Now i'm trying to apply this result using the creation and annihilation fermionics operators $B=C_k^+$ and $A=C_k$ and the simple diagonal hamiltonian $F(\not C_k,C_k^+)=H=\sum_k \hbar \omega_k C_k^+C_k$.

Now i check if my operators satisfies the hypothesis of the theorem and i get $$[A,[A,B]]=[C_k,[C_k,C_k^+]]=-2C_k$$ $$[B,[A,B]]=[C_k^+,[C_k,C_k^+]]=+2C_k^+$$ $0\neq[A,[A,B]]\neq[B,[A,B]]\neq0$,

However thinking at $H$ as a function of only $C_k^+$ and applying the theorem directly

$[C_k,H]=[C_k,C_k^+]\frac{\partial F(\not C_k,C_k^+)}{\partial C_k^+}=\hbar\omega_kC_k$,

that is the right result for the commutator, evaluated without using this theorem.

So how i can interpret this fact?
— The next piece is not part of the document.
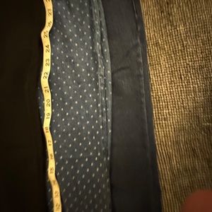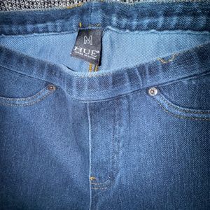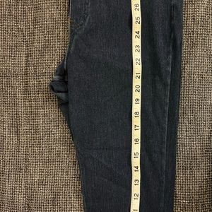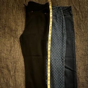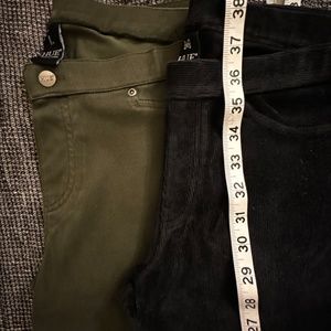 Original Hue leggings in stretchy, comfortable cotton/poly/spandex (75/21/4%, respectively) blend — for all-way stretch — size M denim leggings (jeggings). Five colors: black, blue with white dots, navy, olive green and black corduroy. These are straight/skinny leg, and conform to the length of the leg, with faux front pockets and functional back patch pockets. PRICE INCLUDES ALL FIVE PAIRS. Cute under a denim jacket and a tunic top with a pair of ankle boots or under a swing dress with a pair of sneakers or knee-hi boots.

Why this works? What i'm missing between the theorem and this application? In the calculation i think at $H$ as a function only of $C_k^+$, is correct in this case?

I'd like to know what are the most general conditions that allows to use this simple trick to evaluate commutators. Or at least to find a theorem that rules this sort of things. Could anyone help me to understand?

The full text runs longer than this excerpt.